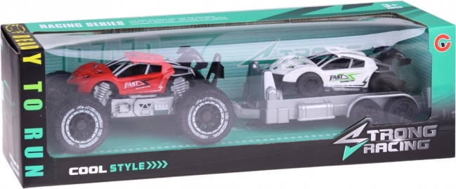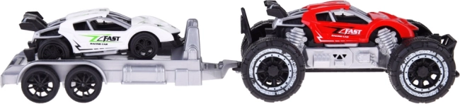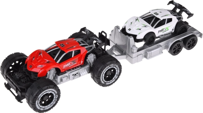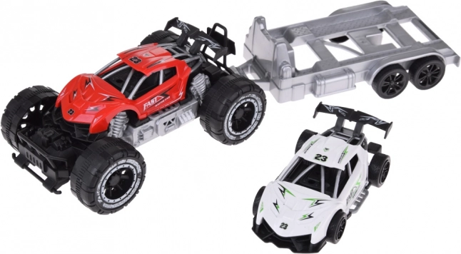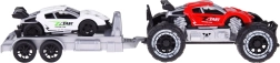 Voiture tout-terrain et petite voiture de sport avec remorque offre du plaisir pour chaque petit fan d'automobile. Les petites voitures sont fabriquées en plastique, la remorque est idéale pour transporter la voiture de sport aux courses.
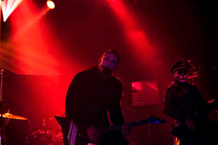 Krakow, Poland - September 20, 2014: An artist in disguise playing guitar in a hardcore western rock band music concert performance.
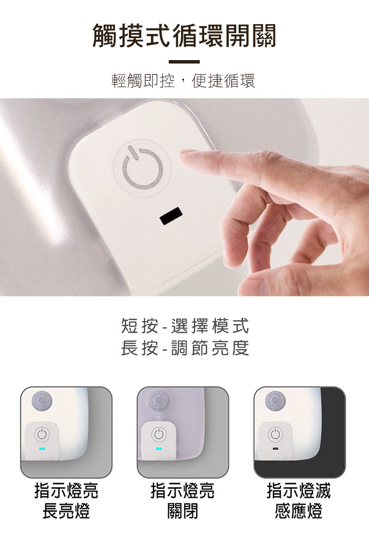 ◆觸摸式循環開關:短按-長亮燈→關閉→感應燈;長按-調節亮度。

==

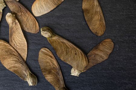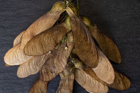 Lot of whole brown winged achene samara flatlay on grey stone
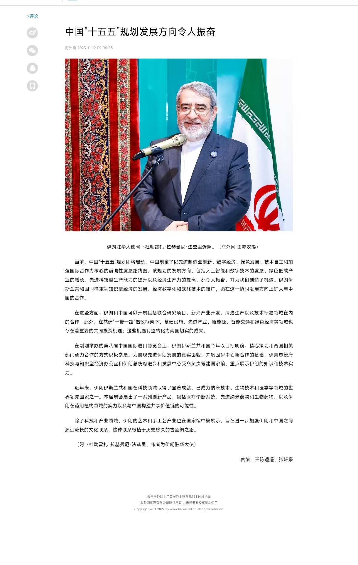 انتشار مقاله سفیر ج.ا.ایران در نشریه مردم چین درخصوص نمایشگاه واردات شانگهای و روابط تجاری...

• _Problem_
Could you write out exactly the lines of the data above that run from the one holding "Lot of whole" to the one holding "انتشار مقاله سفیر", with both ends in and all pictures out?

• _Task answer_
 Lot of whole brown winged achene samara flatlay on grey stone
 انتشار مقاله سفیر ج.ا.ایران در نشریه مردم چین درخصوص نمایشگاه واردات شانگهای و روابط تجاری...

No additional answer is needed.